[Data excerpts]
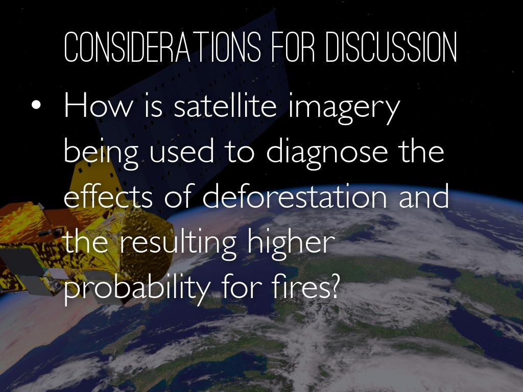 How is satellite imagery being used to diagnose the effects of deforestation and the resulting higher probability for fires?
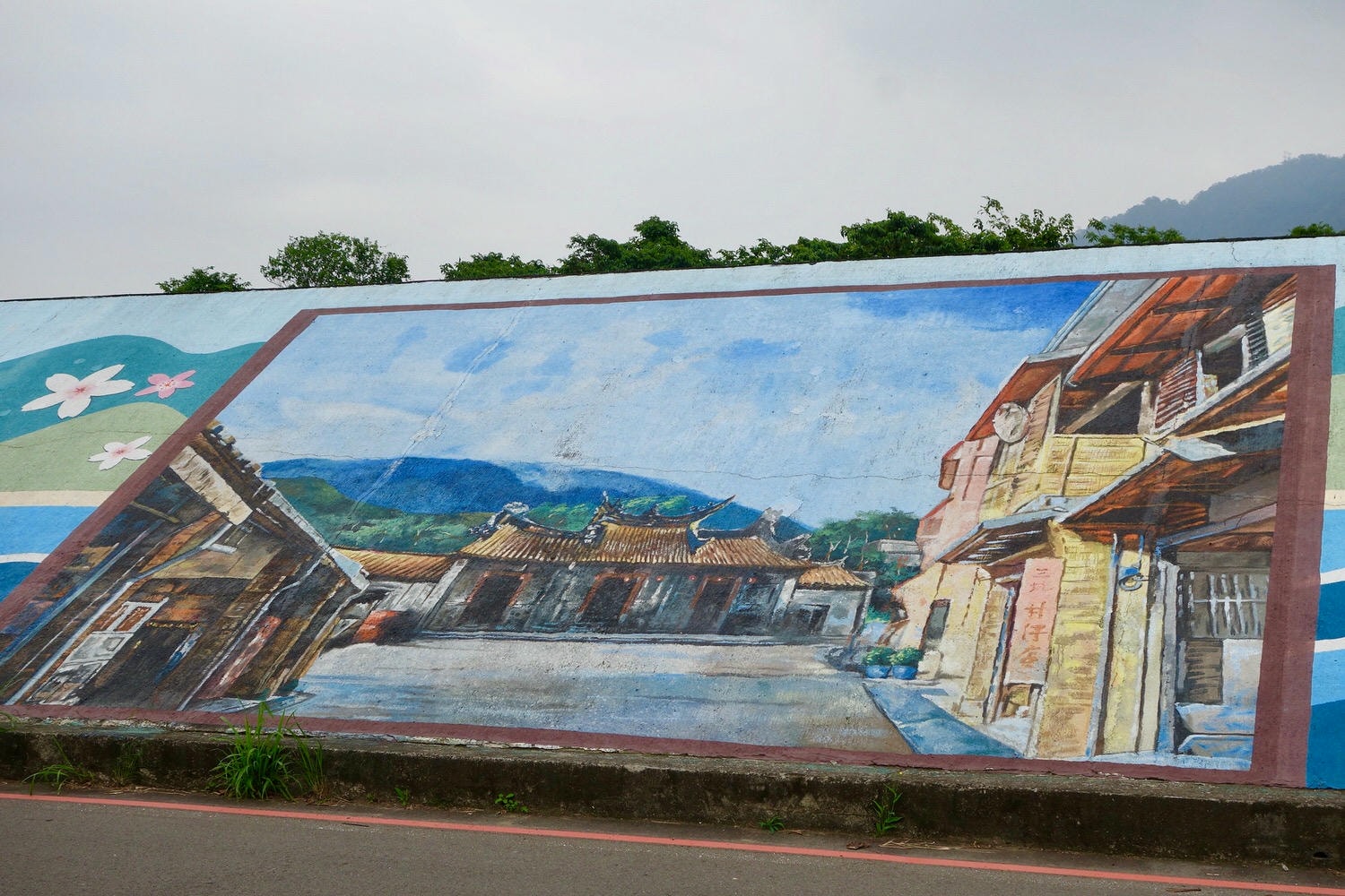 ▼ 旁邊就是大漢溪堤防道,上頭還有復古彩繪,可以邊走邊欣賞
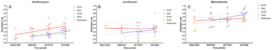 Time trends of primary clarithromycin (A), metronidazole (B) and levofloxacin (C) resistance in different regions of China.
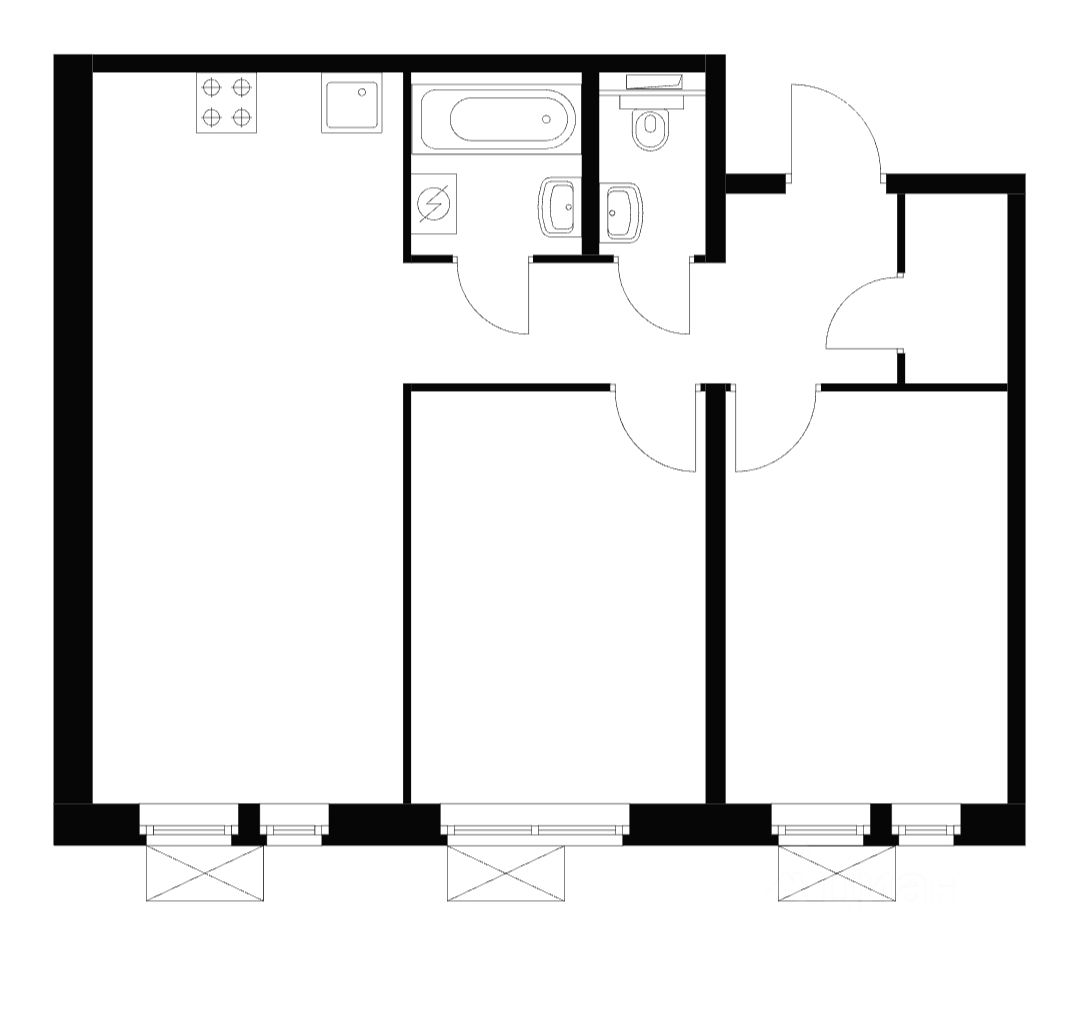 Основные характеристики - Общая площадь: 60 м². - Кухнягостиная: 22,5м². - Две комнаты: 11,5 м² и 12,5 м². - Кладовая/гардеробная: 2 м².
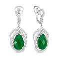 Кольцо из серебра с кварцем зеленый агат и фианитами родированное
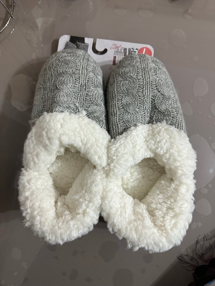 gri örgü dış yüzeye ve yumuşak, kabarık beyaz iç astara sahip sıcak ev terliği. Düz, desensiz tasarımı günlük kullanım için uygundur.
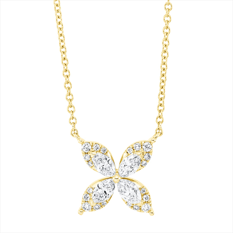 Collier 18 kt GG. mit ZÖ 38.1cm.40.6cm.43.2cm. 4 Brillanten 0.04 ct. TW-si. 4 Navette 0.42 ct. TW-si. 16 Brillanten 0.05 ct. TW-si. H:11.6 mm. B:11.9 mm. L:45.7 cm. S:3.3 mm
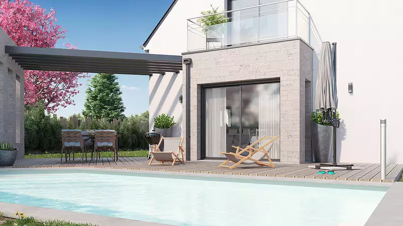 Un écrin de lumière à personnaliser ! Oubliez les compromis, ici chaque m² est pensé pour vous ! Un vaste espace de vie baigné de lumière, une circulation fluide et des volumes généreux à façonner selon vos envies. À l’étage, 2 grandes chambres et un dressing pour un confort absolu. Un garage et un cellier malin complètent cette maison à l’architecture élégante et contemporaine. Faites de ce projet le vôtre, imaginez-le à votre image !. Pour un confort optimal et conforme à la RE2025, cette maison dispose d’une PAC avec plancher chauffant, radiateurs à l’étage et volets roulants électriques. À noter : Le prix indiqué exclut les revêtements de sol des chambres, la cuisine aménagée, la peinture, la décoration, les raccordements, les frais de notaire et l’assurance dommages-ouvrage. (Piscine non contractuelle, non comprise dans le prix).

◆ Work order
Find the line containing "Collier 18 kt" in the records above, then copy it and every line after it exactly, through the last one, without any pictures.

◆ Solution for this task
 Collier 18 kt GG. mit ZÖ 38.1cm.40.6cm.43.2cm. 4 Brillanten 0.04 ct. TW-si. 4 Navette 0.42 ct. TW-si. 16 Brillanten 0.05 ct. TW-si. H:11.6 mm. B:11.9 mm. L:45.7 cm. S:3.3 mm
 Un écrin de lumière à personnaliser ! Oubliez les compromis, ici chaque m² est pensé pour vous ! Un vaste espace de vie baigné de lumière, une circulation fluide et des volumes généreux à façonner selon vos envies. À l’étage, 2 grandes chambres et un dressing pour un confort absolu. Un garage et un cellier malin complètent cette maison à l’architecture élégante et contemporaine. Faites de ce projet le vôtre, imaginez-le à votre image !. Pour un confort optimal et conforme à la RE2025, cette maison dispose d’une PAC avec plancher chauffant, radiateurs à l’étage et volets roulants électriques. À noter : Le prix indiqué exclut les revêtements de sol des chambres, la cuisine aménagée, la peinture, la décoration, les raccordements, les frais de notaire et l’assurance dommages-ouvrage. (Piscine non contractuelle, non comprise dans le prix).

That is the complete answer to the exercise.